Search code examples
pythonapache-kafkakafka-consumer-apirebalancing

python Apache Kafka CommitFailedError due to group rebalanced


I have several kafka consumers receive message from the same topic. The message indicates which consumer is corresponding for processing that message. They all commit the message once they receive the message, and only process the message if the id in the message is same as its own hostname. Note that the time required for the consumer to process the message is very long, around 1 hour, as it creates subprocess to run other scripts. The frequency of messages sent from producer varies, but normally not exceed 20 a day.

Below is the script of consumer:

from kafka import KafkaConsumer

context = ssl.create_default_context()
hostname = socket.gethostname()

consumer = KafkaConsumer(
    group_id="group_id",
    bootstrap_servers="localhost:8000",
    security_protocol="SSL",
    auto_offset_reset="earliest"
)
consumer.subscribe(["my-topic"])

for message in consumer:

    consumer.commit()
    _message = json.loads(message.value.decode("UTF-8"))    

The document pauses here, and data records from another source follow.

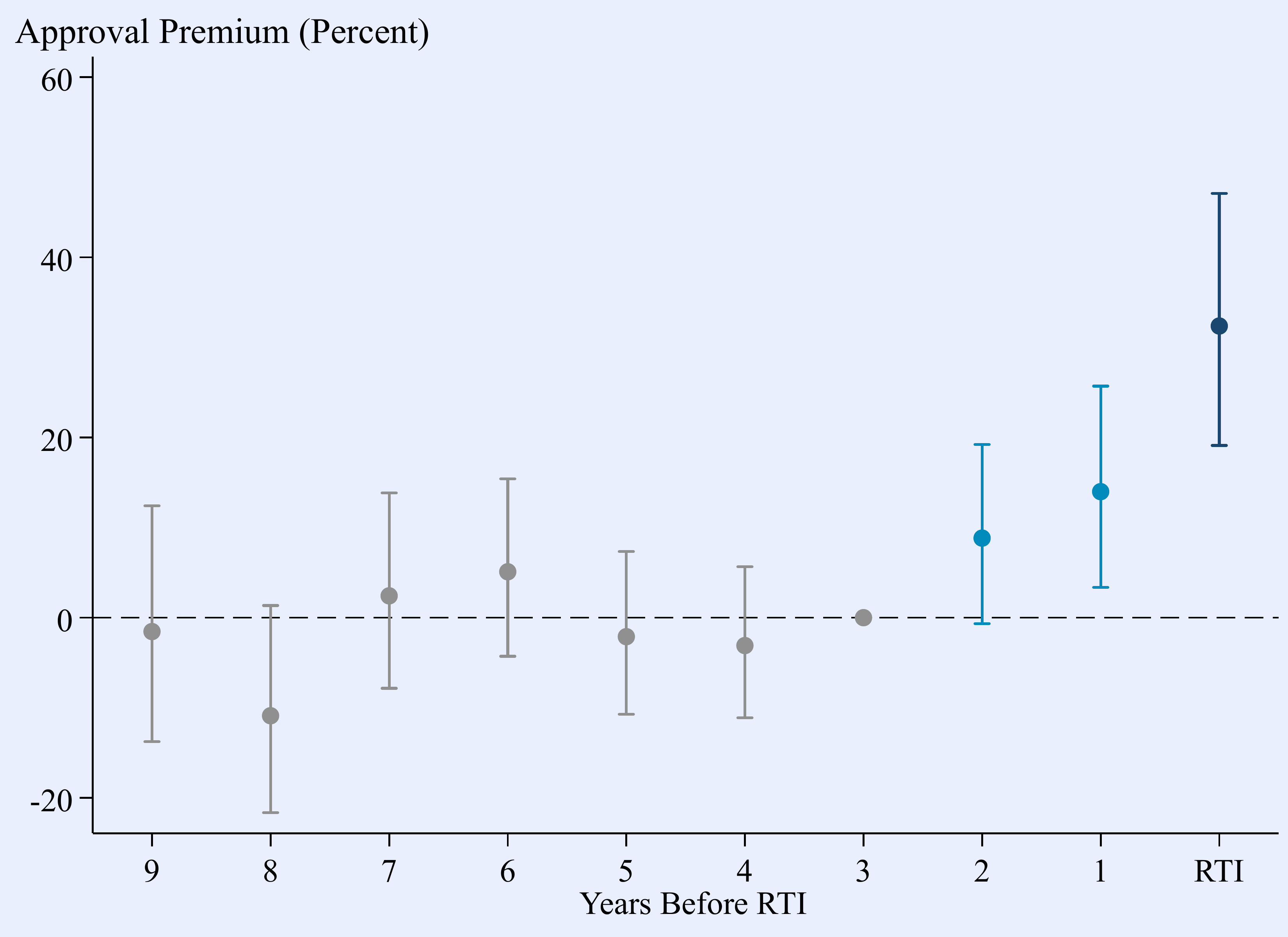 Note: Dots report event study estimates of price premiums for land that eventually receive permitting approval, by year prior to the ready-to-issue (RTI) permit approval. The reference period is three years prior to the RTI listing. The figure includes nine lead years before being fully approved. To estimate the approval premium, the event study compares changes over time in listing prices of properties that experienced a change in their permit status, controlling for contemporary price trends observed for listings that remain raw land. Bars indicate 95-percent pointwise confidence intervals, with standard errors clustered by parcel.
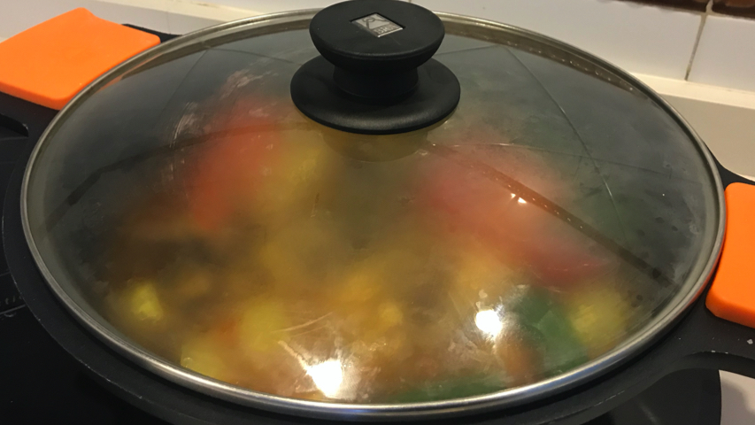 Tapa la olla, baja el fuego (3/10) y deja cocer durante 90 minutos.
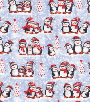 Get Cozy with Winter Penguin Friends on Blue Christmas Glitter Cotton Fabric
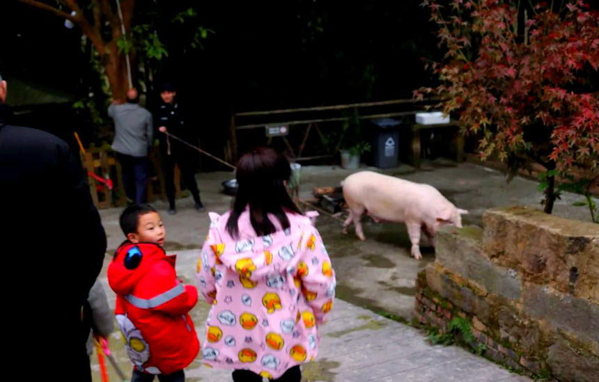 五斗丘小院,这个隐藏在山林之间的地方,见证了无数杀猪时的热烈场面。那天,雷鸣般的欢呼与地动的热闹,让人仿佛置身于一场狂欢之中。为了亲历这一盛事,许多怀揣好奇心的朋友们选择在五斗丘民宿安顿下来。清晨,当山里的浓雾尚未散尽,四合院中的孩子们已经迫不及待地相互串门,召唤小伙伴们一同跑出院子,跟随师傅的脚步去追逐那头即将成为美食的猪。
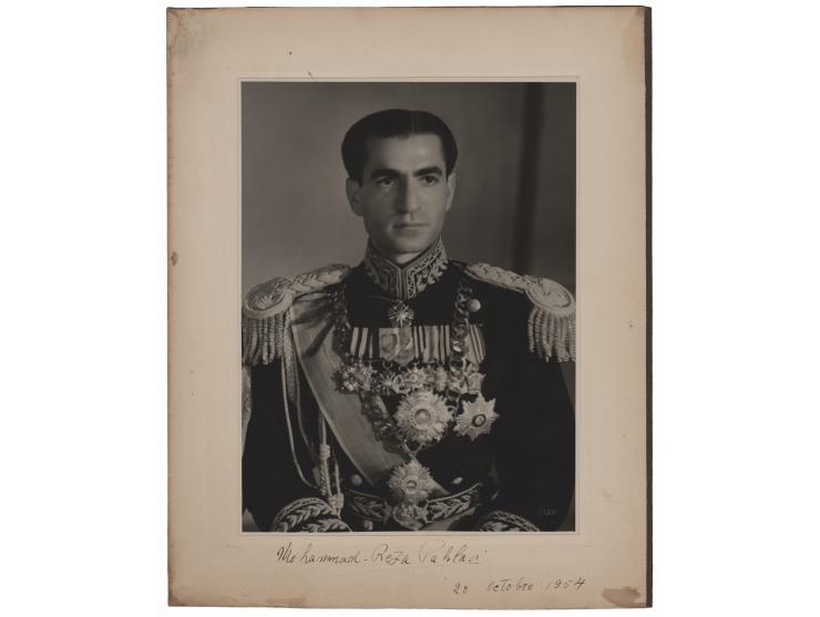 Vintage matte-finish 6.75 x 9 photo of Mohammad Reza Pahlavi in decorated uniform, affixed to its original 9.5 x 12 mount, signed on the mount in fountain pen, "Mohammad Reza Pahlavi, 20 Octobre 1954." Blindstamped in the lower right corner by the photographer, "Sako." In fine condition, with small stains to the mount, all easily matted out.
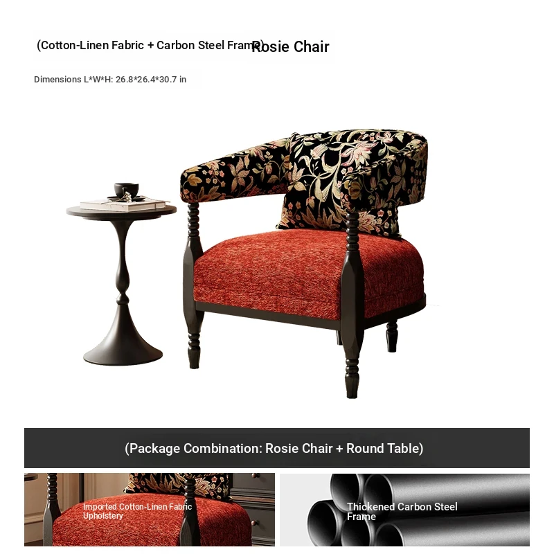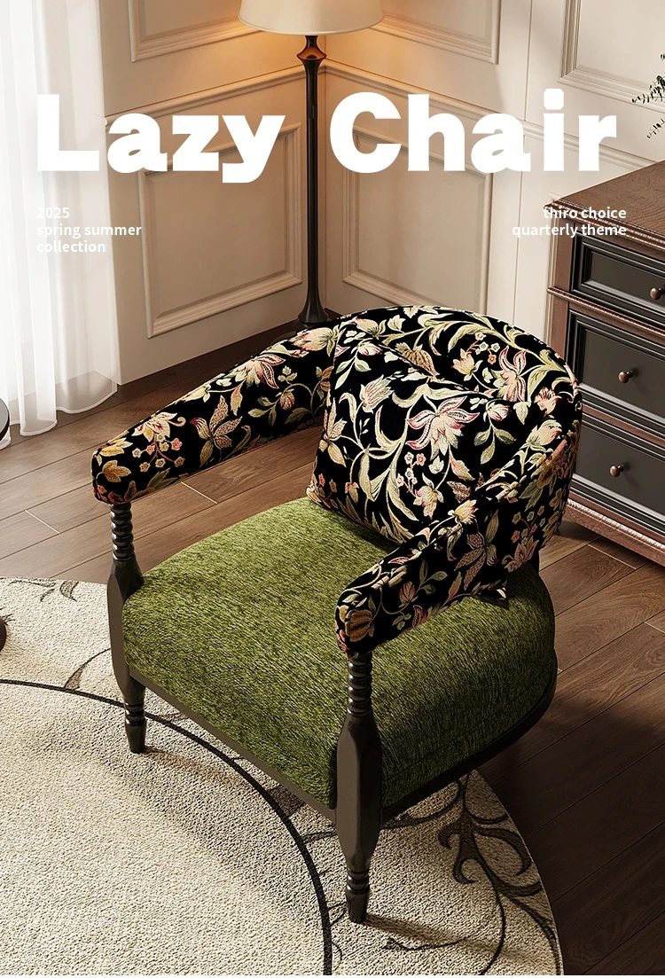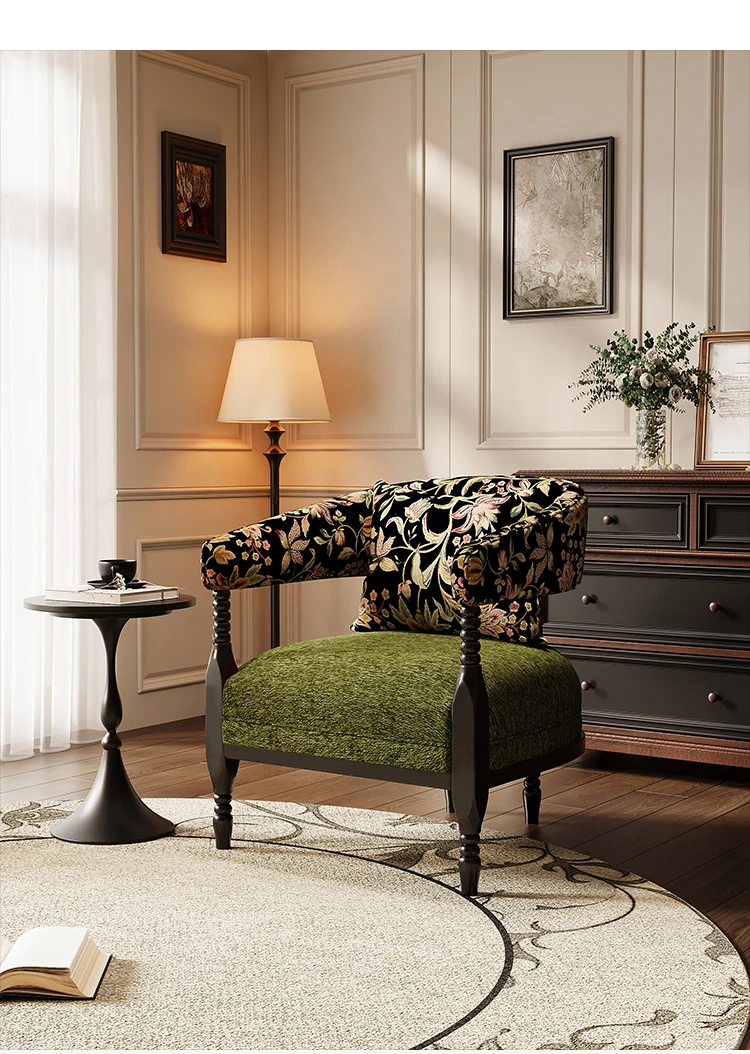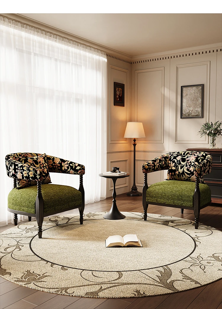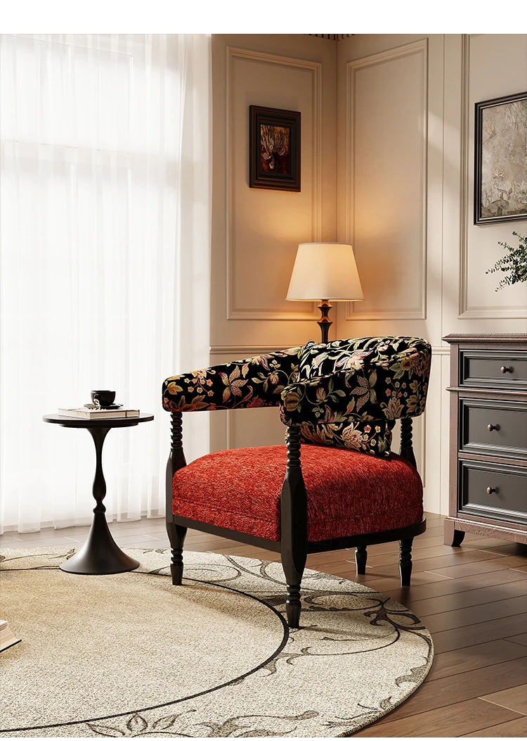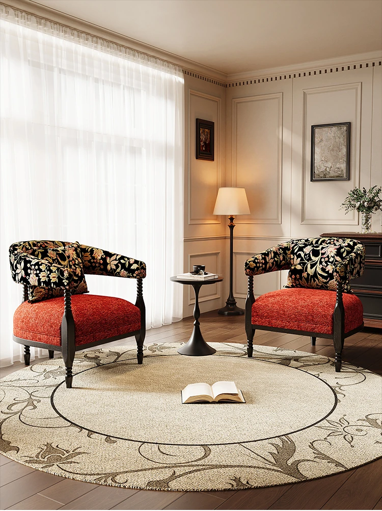 Vintage French Style Designer Single Sofa Chair – Retro American Mid-Century Rosie Leisure Hotel Armchair for Small Living Room or Balcony Spaces
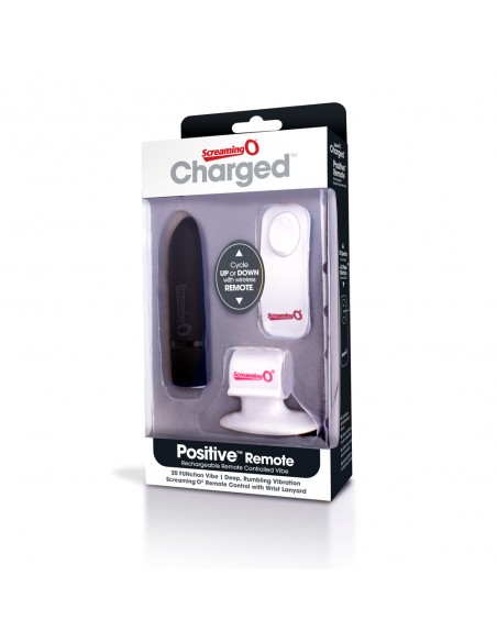 Positive Remote control es un vibrador a modo de bala, con una superfcie lisa, sin poros muy funcional y versátil. Es recargable con cable USB (Incluido), sumergible y tiene un tamaño manejable y cabeza totalmente redondeada, ideal para la estimulación del clítoris o cualquier zona erógena. Incorpora un potentísimo motor de 20 funciones distintas de vibración. El tamaño y la apariencia tan discreta lo hará el compañero perfecto de viaje. Puede controlarse con el botón en el dispositivo o mediante un control remoto inalámbrico que funciona hasta a 12 metros de distancia. Incluso se puede usar su soporte de carga como soporte para acomodar los dedos para aumentar el juego en solitario o dar a la pareja un masaje sensual. Es muy fácil de limpiar y es totalmente sumergible. Se recomienda utilizar lubricante a base de agua para su uso y rasurar la zona íntima para evitar daños. En color negro.
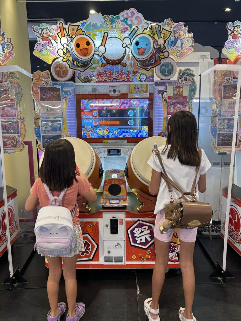 Once at the mall, we took a thorough look through the Disney store, then decided it was time for a snack break. One crepe with almonds and chocolate (me), one vanilla and chocolate sundae (Téa) and one vanilla mango sundae (Maylin) later, and we were all recharged to continue on our explorations. Of course there was also an entertainment area, with the claw machines, gachapon and video games that entails, and Mommy has a really hard time saying a strict NO, so I gave them each a ¥100 coin and said they got to do ONE thing. They chose the drumming game again, and as much as I don’t like waiting around in these entertainment areas, they really have so much fun with this particular game! I liked it as well when I tried it, I see why they like it!

    if _message["hostname"] == hostname:
        # Run the script which takes about 1 hour
        subprocess.run(["unreal_engine_process.bat"], capture_output=True, text=True)
        ...

The second commit of the consumer sometimes return error:

kafka.errors.CommitFailedError: CommitFailedError: Commit cannot be completed since the group has already
            rebalanced and assigned the partitions to another member.
            This means that the time between subsequent calls to poll()
            was longer than the configured max_poll_interval_ms, which
            typically implies that the poll loop is spending too much
            time message processing. You can address this either by
            increasing the rebalance timeout with max_poll_interval_ms,
            or by reducing the maximum size of batches returned in poll()
            with max_poll_records.

Would like to know:

  • is there any problem with my consumer code? or is the problem of kafka server config?
  • is it ok to commit at the beginning if i don't have to ensure successful processing of the message? Does the problem cause by the duration between commit time and the message process time? or is it related to the consumer send heart beat issue?
  • is such processing time (1 hour) too long for kafka?
  • increasing max_poll_interval_ms works? and is it suitable to raise it to several hours?
  • or any other comments.
  • max_poll_interval_ms max_poll_records.

Many thanks!

Tried committing the message at the beginning of receive, or a bit later. But the problem is still there. And sometimes a consumed and committed message is again consumed and processed by the consumer. Suspecting is about message offset and commit problem too.


Solution

  • 1.Neither.

    2.It is ok to commit at the beginning if i don't have to ensure successful processing of the message. The problem is caused by too long poll interval ( > max_poll_interval_ms). it is a kind of heart beat issue.

    3.Yes, it's too long.

    4.Increasing max_poll_interval_ms works, but it's not a good idea.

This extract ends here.